24 Apr 2025
10:15  - 12:00

Kollegienhaus, lecture theatre 001

Organizer:
Prof. Dr Ina Habermann

Guest lecture / Talk

Shakespeare in London: City and Playhouse

Dr Sarah Dustagheer (University of Kent)

  • Would I were in an alehouse in London! I would give all my fame for a pot of ale and safety (HV 3.2.12-13).

Standing in a battlefield in Harfleur, France, Henry V’s Boy expresses a longing for the comforts of home and the safety of a city alehouse. At the end of the play, the Chorus imagines Henry’s triumphant return from France to England’s capital city:

  • How London doth pour out her citizens,
    The Mayor and all his brethren in best sort,
    Like to the senators of th’antique Rome
    With the plebeians swarming at their heels (HV 5.0.24-27)

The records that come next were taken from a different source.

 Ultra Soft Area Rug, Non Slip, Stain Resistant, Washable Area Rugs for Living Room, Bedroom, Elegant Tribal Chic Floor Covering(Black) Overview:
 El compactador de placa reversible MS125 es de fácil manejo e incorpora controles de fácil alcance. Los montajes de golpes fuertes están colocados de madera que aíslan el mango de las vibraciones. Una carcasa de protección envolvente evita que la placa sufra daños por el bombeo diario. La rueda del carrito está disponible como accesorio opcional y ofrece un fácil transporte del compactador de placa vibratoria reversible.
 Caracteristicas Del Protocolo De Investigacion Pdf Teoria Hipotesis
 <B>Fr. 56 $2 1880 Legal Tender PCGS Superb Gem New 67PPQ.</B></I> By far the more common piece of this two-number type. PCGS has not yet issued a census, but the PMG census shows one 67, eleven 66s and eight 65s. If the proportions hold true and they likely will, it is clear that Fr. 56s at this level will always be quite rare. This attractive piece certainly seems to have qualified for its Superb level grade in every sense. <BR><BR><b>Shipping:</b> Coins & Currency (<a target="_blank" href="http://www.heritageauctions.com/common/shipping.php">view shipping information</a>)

In this way, while the opening Chorus of Henry V may ask the audiences to let their ‘imaginary forces work’ (HV Pro. 18) and transport themselves to France, the play itself provides regular reminders of the real city just outside the ‘wooden O’ (HV Pro. 14) of the playhouse. In this lecture, I’m going to demonstrate the ways in which London was universal to Shakespeare and how it is everywhere in his work. In order to make this argument, I will examine the social, cultural and practical context into which Shakespeare’s plays were written, examining both city and playhouse to see the urban influences at work in the canon.